- [TASK TO CARRY OUT] Pull out the lines from the one containing "Se logra la" through the final line of the listing below and repeat them exactly. Leave the pictures behind.

********************

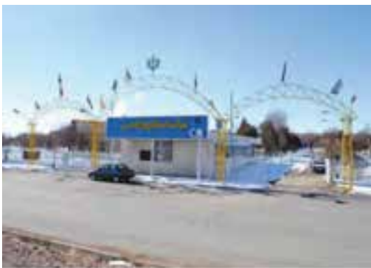
شکل ۳۸-۵- کارخانه نخ ریزی خمین
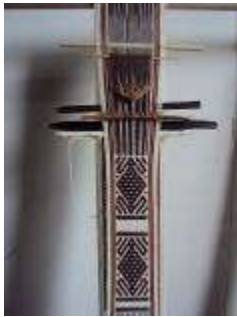
Riata de lana en telar vertical. Camilo Jamioy

Se logra la transformación de la materia prima y su combinación con otros materiales dando vida a nuevos productos.
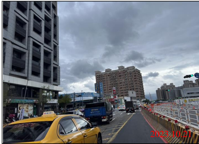
巡查日期地點：112.10.21/ Y22車站 照片說明：路面狀況
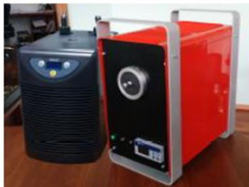
АЧТ 1 разряда, диапазон от -40\text{ }^{\circ}\text{C} до +2500\text{ }^{\circ}\text{C}

Предназначено для воспроизведения радиационной температуры.
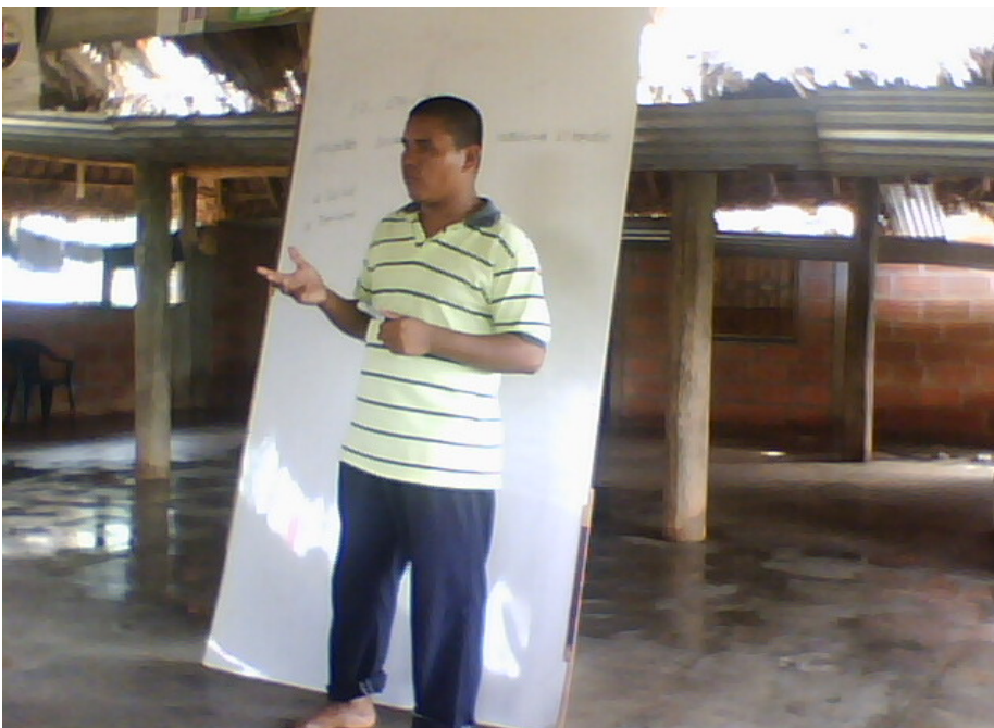
Encuentro local comunidad indígena el pando
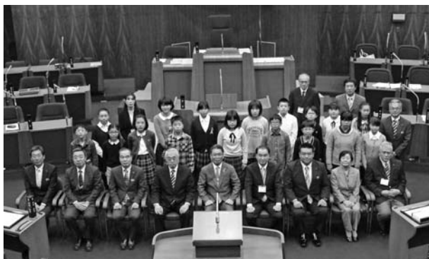
(参加者による集合写真)

市内の各小学校から選ばれた17人の児童が、「『わたしの夢見る未来の桐生』に対する自分の夢、願い、希望すること」を提案し、市政について様々な意見や提案を発表しました。
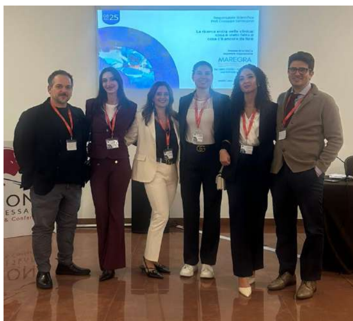
Parte del gruppo di ricerca durante il convegno scientifico dedicato alle attività di ricerca clinica in cardiocirurgia.

Le prospettive future includono l'ampliamento delle attività di ricerca in contesti multicentrici, il consolidamento del percorso di pre-abilitazione e il miglioramento delle strategie di gestione della terapia anticoagulante. Si inserisce, in aggiunta, uno studio in fase di avvio dedicato all'esplorazione della possibile correlazione tra terapia con warfarin e infertilità maschile, che rappresenta un'evoluzione coerente delle linee di ricerca già attive sulla gestione della terapia anticoagulante e mira ad approfondire un ambito finora esplorato solo in fase pre-clinica.

********************

- [RESPONSE AREA]
Se logra la transformación de la materia prima y su combinación con otros materiales dando vida a nuevos productos.
巡查日期地點：112.10.21/ Y22車站 照片說明：路面狀況
АЧТ 1 разряда, диапазон от -40\text{ }^{\circ}\text{C} до +2500\text{ }^{\circ}\text{C}

Предназначено для воспроизведения радиационной температуры.
Encuentro local comunidad indígena el pando
(参加者による集合写真)

市内の各小学校から選ばれた17人の児童が、「『わたしの夢見る未来の桐生』に対する自分の夢、願い、希望すること」を提案し、市政について様々な意見や提案を発表しました。
Parte del gruppo di ricerca durante il convegno scientifico dedicato alle attività di ricerca clinica in cardiocirurgia.

Le prospettive future includono l'ampliamento delle attività di ricerca in contesti multicentrici, il consolidamento del percorso di pre-abilitazione e il miglioramento delle strategie di gestione della terapia anticoagulante. Si inserisce, in aggiunta, uno studio in fase di avvio dedicato all'esplorazione della possibile correlazione tra terapia con warfarin e infertilità maschile, che rappresenta un'evoluzione coerente delle linee di ricerca già attive sulla gestione della terapia anticoagulante e mira ad approfondire un ambito finora esplorato solo in fase pre-clinica.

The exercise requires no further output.